Я отправилась к бабушке и так у нее и осталась. Но не потому что мне там понравилось, а потому что мама больше к себе не пустила.

Звонила ей из телефона-автомата:

— Мам, я после школы сразу домой.

— Сегодня нет. И завтра нет.

— А в среду?

— Нет.

Я приходила к ней на восемнадцатый этаж, звонила, стучала, но мама не открывала. Лаяла собака, у нас пекинес был, Чубик. Я опять звонила. И тогда она через дверь резко так:

— Саша, уходи к бабушке, я занята.

Было обидно.

— Почему все живут с мамами, а я с бабушкой? Можно буду у тебя на кухне тихонько сидеть, делать уроки? Могу спать в уголке, я не стану тебе мешать.

Конечно, квартира была маленькая, в комнате — шкаф-купе, большая кровать, диван. Много антикварных вещей: большие напольные часы, огромное зеркало в золоченой раме. Когда-то, наверное, достаток у мамы был, а может, бабушка разделила квартиру и все лучшее дочери отдала — иначе откуда все это взялось?

Почему я хотела с ней жить?

Не потому что она — мама, а потому что по моему детскому восприятию у нее было все цивилизованно и богато. В ванной комнате зеркальный потолок, черная ванна, черная раковина и унитаз черный, а стены розовые. На полке под зеркалом целая батарея баночек. У бабушки не было такого, у нее было просто ужасно. Везде тараканы, их никак не удавалось вывести. Мы с бабушкой очень-очень бедно жили. Хотелось к маме. А мама мне через дверь: «Уходи к бабушке».

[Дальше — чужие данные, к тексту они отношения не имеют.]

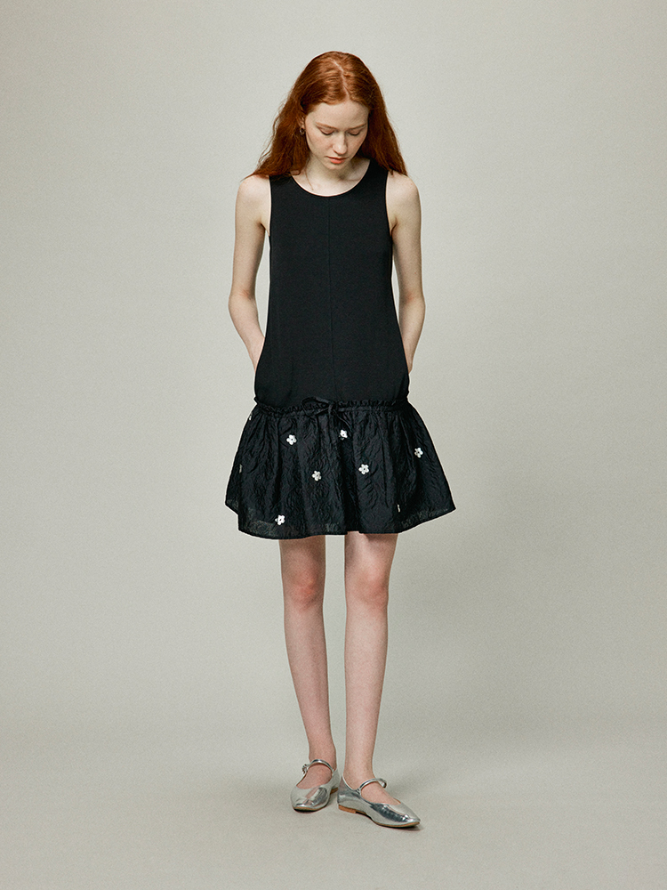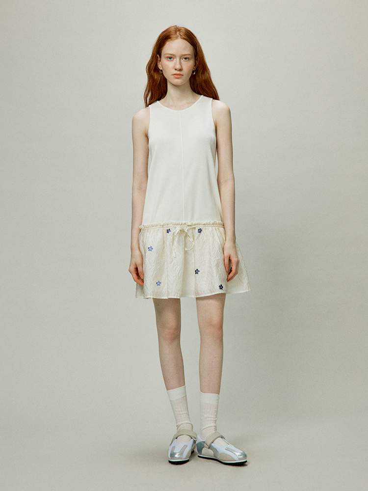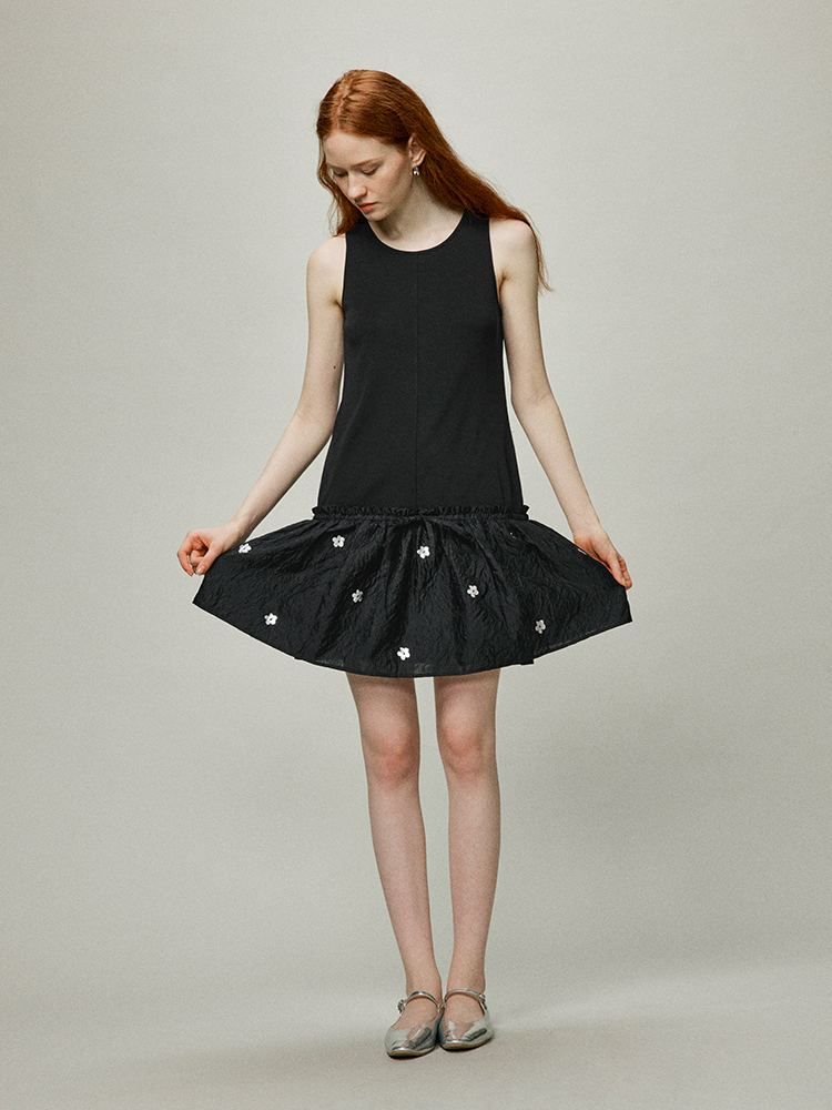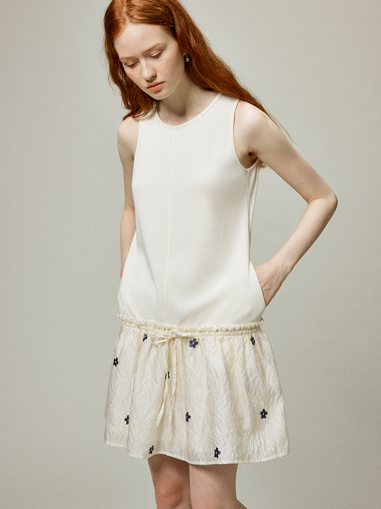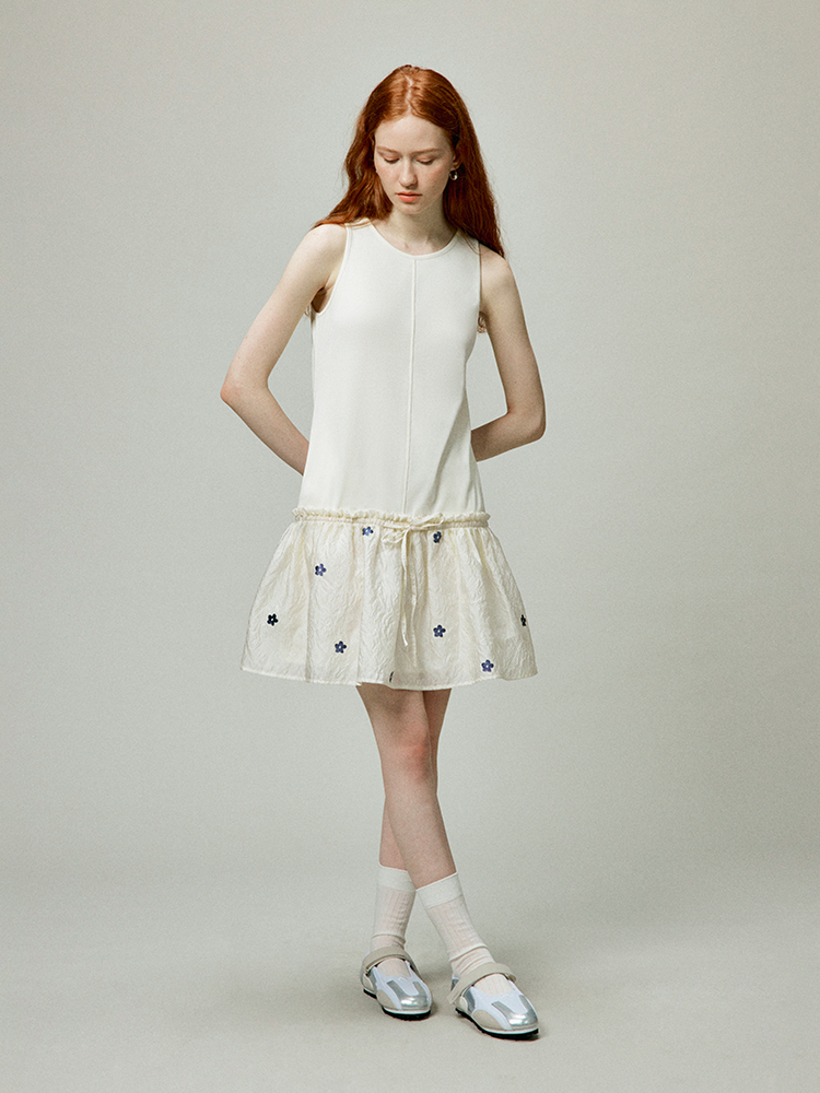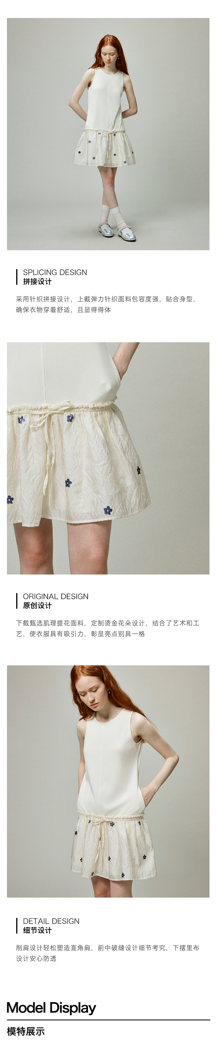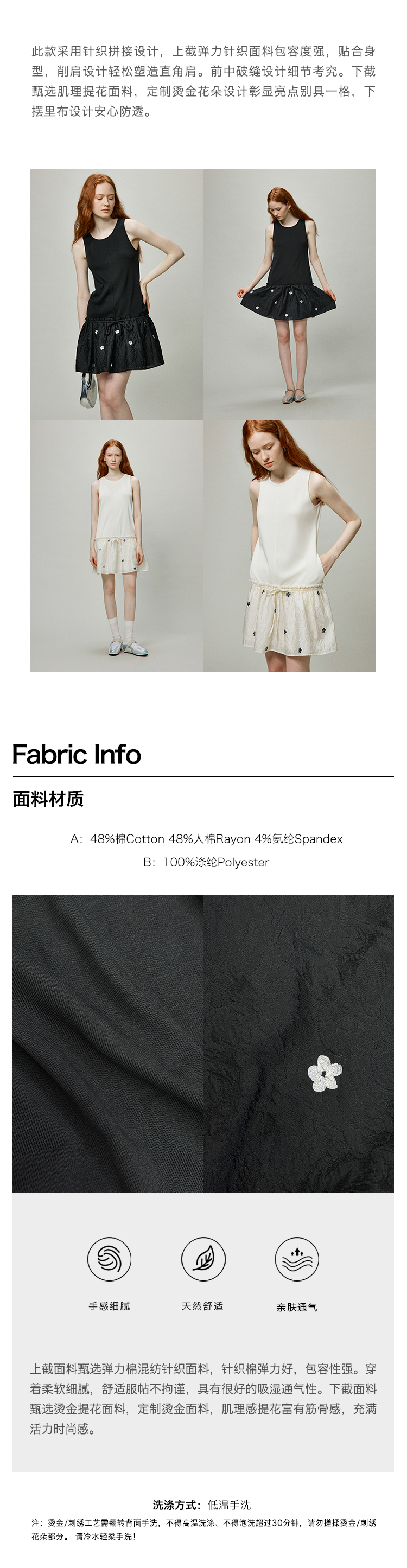 ForPoem 现货 24/SS夏季花朵系列休闲针织拼接提花烫金无袖背心连衣裙

Недоумения не было, злости, возмущения тоже. Только обида. Спускалась на лифте на восьмой этаж, заходила к бабуле и спрашивала:

— Почему она меня не впускает?

Может быть, и была какая-то помощь от деда, но сама я не помню, чтобы Стриженов принес мне куклу или деньги, куда-то сводил...
Фото: из личного архива А. Холошиной

— Сашенька, твоя мама — молодая красивая женщина. Пойми, вдвоем с дочкой в однокомнатной квартире трудно жить. Ей хочется любви и мужчину какого-то.

Потом уже поняла — мама по своей сути была одиноким человеком. Больше всего она ценила свободу: идти куда хочет, делать что хочет. Поэтому ни к кому не привязывалась и ее никто не мог к себе привязать. Думаю, даже со мной она не была по-настоящему близка. Мне передалось что-то от нее в этом смысле.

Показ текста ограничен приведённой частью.